В обличье вепря
Шрифт:
Но когда он и в самом деле проснулся, телефон лежал на полу, завалившись набок. В комнате пахло спиртным, одежда на нем была отклекшая и затхлая, одна нога босая, и туфля валяется рядом с пустой бутылкой. Он лежал на кушетке, напротив длинного ряда собственных книжек. Что он ей сказал?
Он помнил, как произнес ее имя, — а дальше? Он потянулся за письмом Рут. Ее номер он записал на оборотной стороне конверта. Как ты смеешь вообще со мной об этом говорить? Чего он ей такого наговорил? Он не помнил ни единого сказанного ночью слова.
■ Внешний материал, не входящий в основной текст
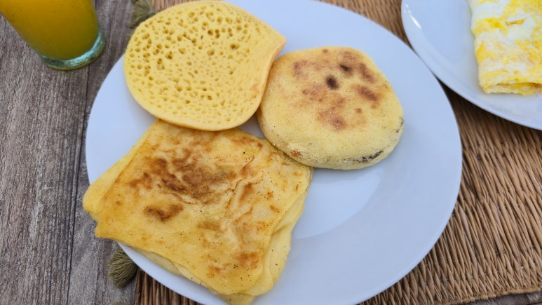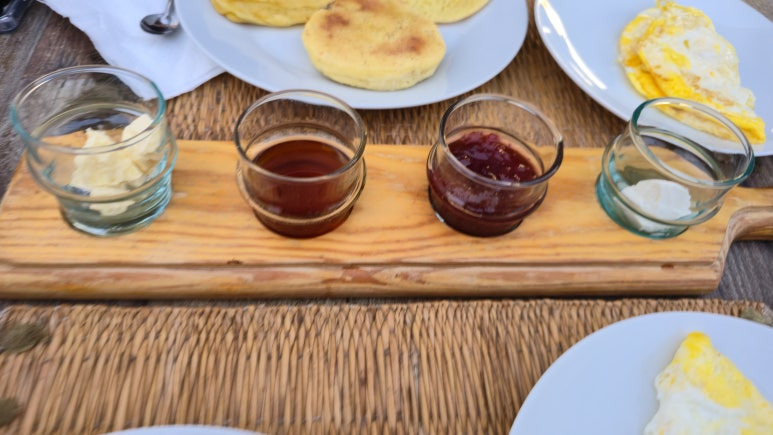 아침은 자리에 앉으면 준비를 해줍니다. 옥수수빵과 모로코식 팬케이크인 므세멘(Msemen)이 나오고 여기에 발라먹을 잼이나 꿀 등을 준비해줍니다. 아침 커피와 이정도 음식이면 조식으로 정말 딱 좋지요. 신선한 과일은 덤입니다.
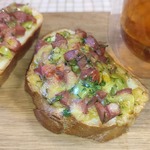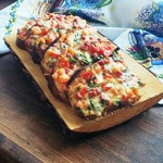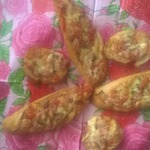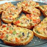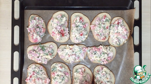 5. Намазать ломтики батона сливочным маслом и выложить на противень маслом вниз.
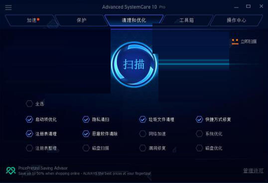 2、Advanced SystemCare 10 Pro是一款系统优化软件,从恶意软件清除到漏洞修复,从注册表清理到垃圾文件清理,对系统进行智能扫描优化。
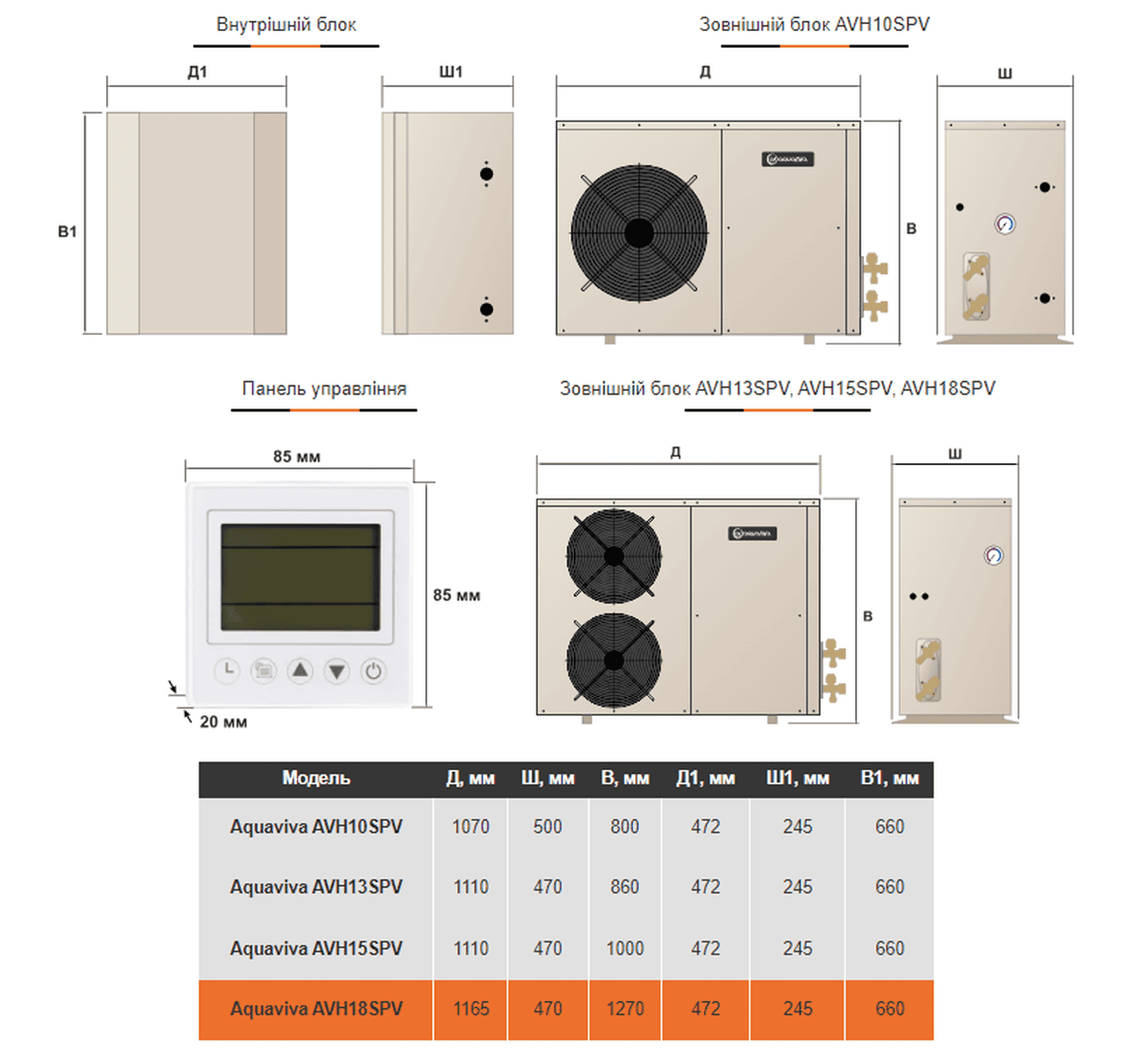 Be the first to review “Інверторний тепловий насос Aquaviva AVH18SPV (18,3 кВт), до -25°C, спліт-система до 180 кв.м, 220 В, з циркуляційним насосом та триходовим клапаном”

Он вынул из конверта письмо:
Дорогой Соломон.
Почтовые служащие сплошь юдофобы. Они утверждают, что ты не забираешь у них эти письма, и шлют их обратно, мне, человеку, чья жизнь и без того не сахар. Я по-прежнему замужем, но теперь это уже ненадолго. Я собираюсь получить
А в остальном здешняя жизнь прекрасна; я понемногу превращаюсь в американку, и мне это нравится. Ты меня понимаешь? Очень на это надеюсь. Я больше не в состоянии думать о войне, но мне нужно поговорить с тобой, чтобы перестать о ней думать. Как я уже сказала, жить здесь легко: именно так я и хочу теперь жить. А как живешь ты? Прошу тебя, найди место для того, что Может Быть Сказано, если, конечно, хотя бы это письмо до тебя дойдет. Я пишу уже третье по счету, дорогой Соломон. Первые два вернулись. И вряд ли я стану писать еще раз.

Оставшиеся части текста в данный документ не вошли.